February 24, 2011

Heading off to the Sinai- with a slight disruption on the way

On day two in Egypt we set off for the Sinai Peninsula. At the time we booked the trip, and even after our first night in Egypt, we were still were unsure if we were going to be joined up with some other Western tourists. As it turned out, nope, it was just the three of us.
But, what made it even more surprising was who was going with us. First we had Mohammed, our English-speaking tour guide. Then we had not one, but two "drivers". But, since only one actually did any driving the entire trip, we concluded that the other was really a body guard. But, then even Mohammed was surprised to see a fourth member join the van. It was a plain clothes tourism police officer assigned specifically to us by the government because we were Americans going to the Sinai.

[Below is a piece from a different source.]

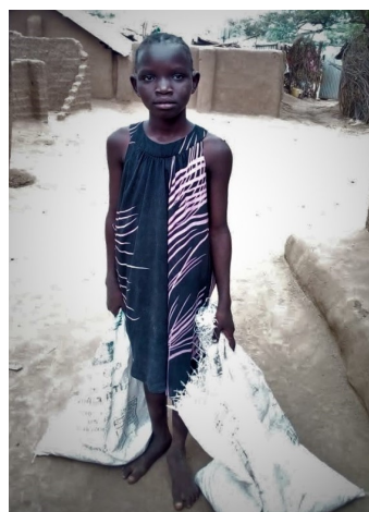
A young girl waits for her food.

Since Mohammed hadn't actually taken any Americans to Sinai before, he did not expect the extra company. This police officer stood over 6 feet tall, rarely spoke, wore a blue suit and tie and large sunglasses, and carried a gun. We weren't really sure what to think of this; did it mean Sinai really was dangerous? Well, we sort of felt safer having the extra presence.

It's an amazing site to see tankers cruising across the desert
So, there we were, three tourists and four Egyptians in a van. That felt weird. After leaving Cairo, we went across some really boring low desert areas and then things got interesting when we arrived at the Suez Canal. There is a deep tunnel that goes under the canal. But, all along the road at the entrance to the tunnel were the dozens of Army soldiers on both sides with their machine guns. In addition, there were soldiers manning mortars and carrying grenade launchers!

For obvious reasons, I did not take any pictures...It was not allowed.

In the distance, you can see the ships lined up in the alkaline lakes in the center of the canal

As we drove to the otherside of the canal, the van began to sputter and we pulled over at a small run-down cafe. Our van was dead and they had to call over the Min headquarters in Cairo for a new van. Unfortunately, that was going to take 3-4 hours, so we just had to sit there and wait. Within minutes, a jeep full of about 8 soldiers with machine guns pulled up and parked next to us.

At first we just assumed they were stopping at the cafe for a break. But, they sat there and waited and waited and waited. Soon it became obvious they were there to protect us. The Egyptian government did not want anything bad to happen to American tourists and those soldiers were there to make sure these three stranded tourists were safe. Once our new van arrived, they were off.

We lost a lot of time and thus had to give up on one of our planned stops. But, we did stop at Ayun Musa. This was supposedly the spot where Moses lead the Israelites across the Red Sea and then camped out. These natural springs contain numerous palms and tamarisk, and various deep holes (mostly filled with sand) that can be dug for water.

Mohammed, Kathleen, and Linda looking into the well at Ayun Musa

Geological evidence indicates that in antiquity, the entire low-flat region around the Suez Canal was actually covered by a shallow brackish lake (like the two that still exist there today) that was perhaps even shallow enough to walk across. Thus, the Isreaelites may simply have walked across this stretch of the "Red Sea" before the story was embellished into the "parting" of the Red Sea.